DATA SUPPLIED:
####################

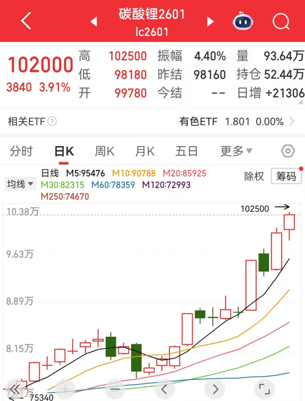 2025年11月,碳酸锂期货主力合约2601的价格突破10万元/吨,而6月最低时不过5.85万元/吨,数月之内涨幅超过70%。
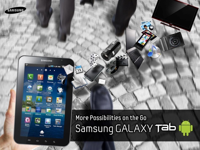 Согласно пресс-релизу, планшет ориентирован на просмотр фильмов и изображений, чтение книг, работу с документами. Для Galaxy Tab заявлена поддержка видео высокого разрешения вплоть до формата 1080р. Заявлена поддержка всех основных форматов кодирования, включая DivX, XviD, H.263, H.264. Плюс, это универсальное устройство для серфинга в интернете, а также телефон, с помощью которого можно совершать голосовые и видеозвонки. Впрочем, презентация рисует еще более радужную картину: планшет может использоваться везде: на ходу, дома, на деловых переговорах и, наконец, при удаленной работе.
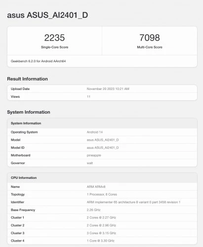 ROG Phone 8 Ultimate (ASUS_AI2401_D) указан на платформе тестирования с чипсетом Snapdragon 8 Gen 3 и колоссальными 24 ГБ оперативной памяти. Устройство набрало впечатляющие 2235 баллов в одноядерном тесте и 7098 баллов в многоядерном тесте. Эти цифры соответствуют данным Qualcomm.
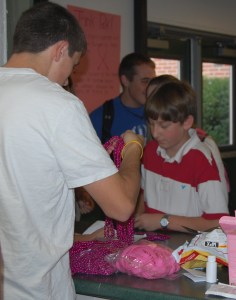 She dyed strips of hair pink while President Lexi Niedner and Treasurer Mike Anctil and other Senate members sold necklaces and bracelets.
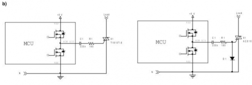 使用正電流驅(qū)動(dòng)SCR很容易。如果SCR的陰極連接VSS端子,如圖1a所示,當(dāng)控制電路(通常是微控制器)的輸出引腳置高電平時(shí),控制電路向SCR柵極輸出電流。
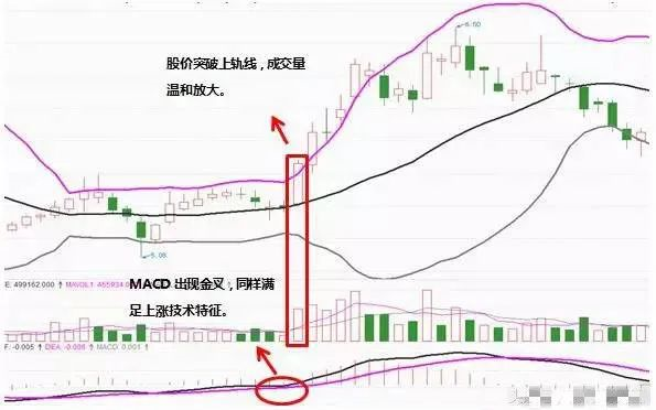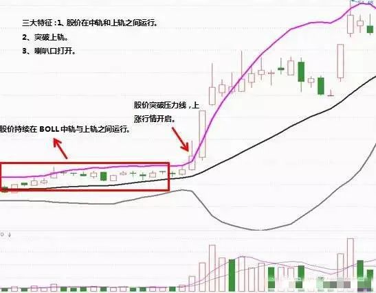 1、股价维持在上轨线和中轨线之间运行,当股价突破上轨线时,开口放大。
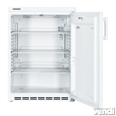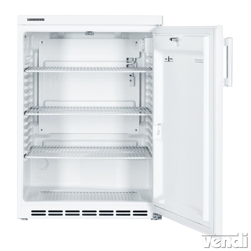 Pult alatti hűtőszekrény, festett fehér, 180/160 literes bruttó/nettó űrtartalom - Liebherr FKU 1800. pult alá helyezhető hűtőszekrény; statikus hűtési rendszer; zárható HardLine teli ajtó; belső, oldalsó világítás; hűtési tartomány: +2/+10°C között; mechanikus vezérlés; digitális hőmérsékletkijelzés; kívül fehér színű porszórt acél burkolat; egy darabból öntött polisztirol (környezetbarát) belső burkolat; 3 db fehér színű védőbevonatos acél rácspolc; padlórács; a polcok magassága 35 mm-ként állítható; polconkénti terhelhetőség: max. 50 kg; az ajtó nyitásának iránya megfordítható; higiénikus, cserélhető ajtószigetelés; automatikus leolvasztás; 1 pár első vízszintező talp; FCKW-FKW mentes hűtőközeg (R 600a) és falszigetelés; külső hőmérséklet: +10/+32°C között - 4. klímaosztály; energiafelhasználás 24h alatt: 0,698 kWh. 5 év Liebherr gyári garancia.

####################

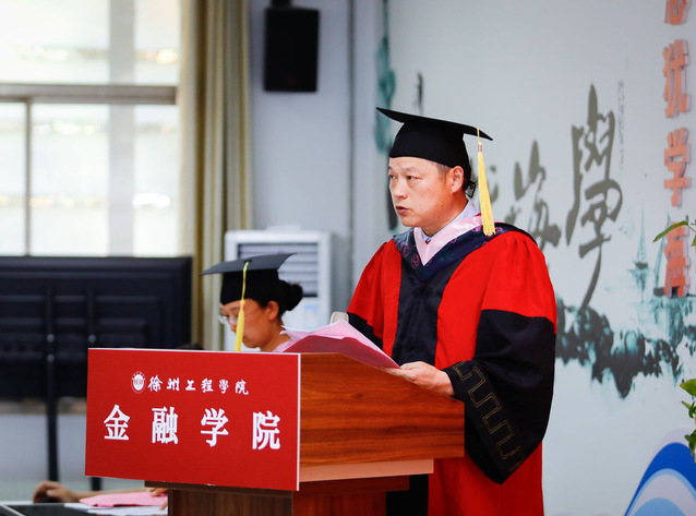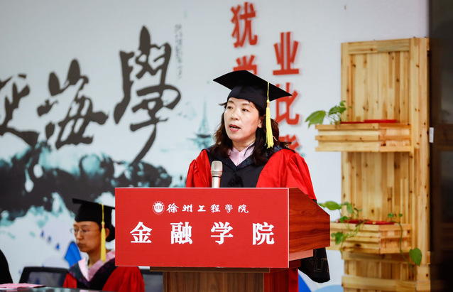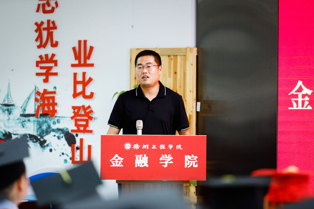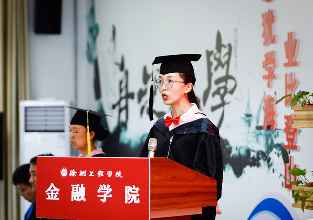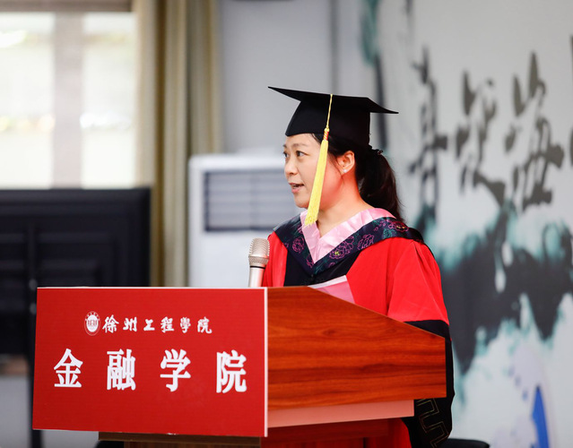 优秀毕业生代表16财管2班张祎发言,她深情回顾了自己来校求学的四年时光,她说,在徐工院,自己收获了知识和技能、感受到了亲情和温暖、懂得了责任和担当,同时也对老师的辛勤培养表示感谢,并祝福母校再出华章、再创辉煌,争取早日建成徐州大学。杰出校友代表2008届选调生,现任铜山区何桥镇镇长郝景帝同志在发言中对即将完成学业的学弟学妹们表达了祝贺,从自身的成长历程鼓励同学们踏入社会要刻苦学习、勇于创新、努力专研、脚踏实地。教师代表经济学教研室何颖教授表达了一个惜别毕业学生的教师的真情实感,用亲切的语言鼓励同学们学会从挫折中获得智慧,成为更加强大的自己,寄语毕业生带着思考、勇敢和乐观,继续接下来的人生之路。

####################

TASK DESCRIPTION:
Nothing outside the stretch above, from the line with "She dyed strips" through the line with "1、股价维持在上轨线和中轨线之间运行,当股价突破上轨线时,开口放大。", is set down. Transcribe that stretch exactly, ends included, but not its pictures.

SOLUTION TO THE EXERCISE:
 She dyed strips of hair pink while President Lexi Niedner and Treasurer Mike Anctil and other Senate members sold necklaces and bracelets.
 使用正電流驅(qū)動(dòng)SCR很容易。如果SCR的陰極連接VSS端子,如圖1a所示,當(dāng)控制電路(通常是微控制器)的輸出引腳置高電平時(shí),控制電路向SCR柵極輸出電流。
 1、股价维持在上轨线和中轨线之间运行,当股价突破上轨线时,开口放大。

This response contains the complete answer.